But a recent survey, which found a significant interest rate hike would pose a challenge to nearly half of those polled, highlights the need for better financial literacy.
"Canadians need to take control of their financial situations," said Nicholas Cheung of the Canadian Institute of Chartered Accountants, which sponsored the poll.
"They need to make decisions in their own best interests, and by taking this control they will be stronger financially."
Of the 1,000 Canadians randomly sampled by Harris Decima via telephone, 48 per cent of them said a significant interest rake hike would make it difficult for them to keep up with mortgage or debt payments.
Of that group, 29 per cent said they would have difficulty making payments if rates went up by two percentage points.
An additional 29 per cent of those worried about interest rate hikes said an increase of three or four percentage points would pose a problem.
The study came out as the Bank of Canada announced Tuesday that it will keep its key interest rates low at least until the next policy meeting in September.
The central bank — an independent arm of the government — generally sets the tone for what commercial lenders charge their customers.
For example, the commercial banks' prime rate (currently 3.0 per cent) is currently two percentage points above the Bank of Canada's target overnight rate, which has been at one per cent since September 2010.
The prime rates, in turn, are used to set some mortgage rates — particularly for variable-rate mortgages and those specifically tied to the prime rate.
Other, longer-term mortgage rates are less influenced by the Bank of Canada's actions and more by how 10-year Canada bonds are trading.
To add another wrinkle to the picture, credit card interest rates charged on balances owing tend to remain much higher than mortgage rates no matter what the central bank has decided.
On the flip side, for consumers who would like to get interest payments from their investments or retirees who depend on pension benefits, the era of low interest rates has been tough.
The Bank of Canada and other central banks have kept their benchmark rates low in order to stimulate borrowing and spending during a time of economic upheaval.
The unintended consequence, however, has been for consumers to borrow heavily rather than save their money — resulting in record-high levels of household debt in Canada as well as a willingness to take on larger mortgages to buy real-estate.
Bank of Canada governor Mark Carney, among others, has warned that the low interest rates can't stay forever. He has said consumers should be disciplined and avoid taking on more debt than they can afford, even if intereat rates go higher.
The survey, commissioned by the CICA, found that roughly 60 per cent of those surveyed save less than 10 per cent of their monthly income.

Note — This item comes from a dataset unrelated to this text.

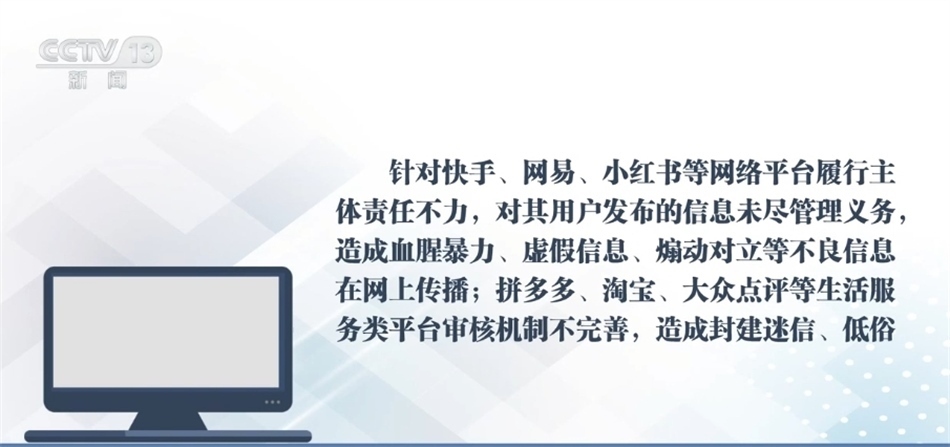 針對(duì)快手、網(wǎng)易、小紅書等網(wǎng)絡(luò)平臺(tái)履行主體責(zé)任不力,對(duì)其用戶發(fā)布的信息未盡管理義務(wù),造成血腥暴力、虛假信息、煽動(dòng)對(duì)立等不良信息在網(wǎng)上傳播;拼多多、淘寶、大眾點(diǎn)評(píng)等生活服務(wù)類平臺(tái)審核機(jī)制不完善,造成封建迷信、低俗色情信息在網(wǎng)上傳播等問題,國(guó)家網(wǎng)信辦指導(dǎo)屬地網(wǎng)信辦分別依法約談相關(guān)網(wǎng)站負(fù)責(zé)人,責(zé)令其限期整改,處置相關(guān)賬號(hào),從嚴(yán)處理責(zé)任人,并分別給予警告、罰款等行政處罰。

It also found that nearly 40 per cent of respondents believe they will still be paying down their debt after they turn 65, an age that often marks the beginning of retirement.

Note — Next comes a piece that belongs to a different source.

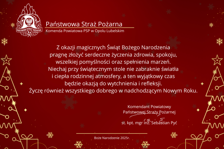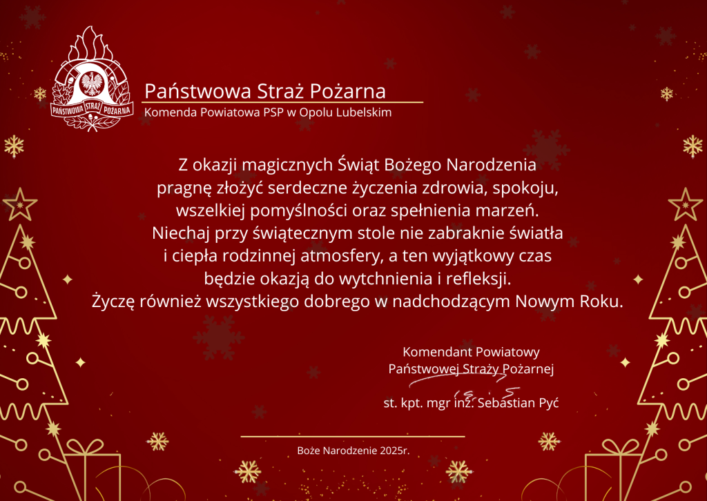 Aktualności, Ważny news Życzenia Bożonarodzeniowe Komendanta Powiatowego PSP w Opolu Lubelskim 23 grudnia 2025 Views: 67

The poll is considered accurate to within 3.1 percentage points, 19 times out of 20.
"Canadians need to reduce and minimize debt, they need to save more, they certainly need to spend less and spend within their means," said Cheung.

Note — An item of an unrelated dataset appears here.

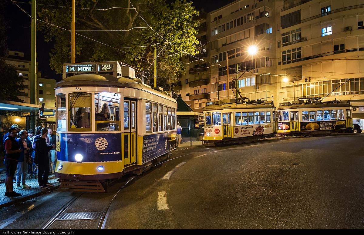 Vintage streetcars # 564, # 547 and # 555 of Carris, the tram system of Lisboa (Eléctricos de Lisboa), on the line 28 and 25 at Campo Ourique (Prazeres). They are of the "Remodelado" type, built between 1935 and 1940 and completely rebuilt with new electric system from Kiepe and new frames from MAN between 1995 and 1996.

"But there is growing evidence that people are paying closer attention to their financial matters," he added.
About 39 per cent of respondents said they have improved their financial situation over the past year, citing reduced debt, increased household earnings and better money management skills.
Cheung urged Canadians to start saving money earlier, pay down debt quickly, consolidate their debt at a lower interest rate and budget for their purchases.
"It's a bit like getting in shape," said Cheung.
"It's easy to put on weight, just like it's easy to spend more and take on more debt. But the important thing to realize is that it's never too late to get into shape, or get your finances in order. It requires discipline, hard work and tough choices."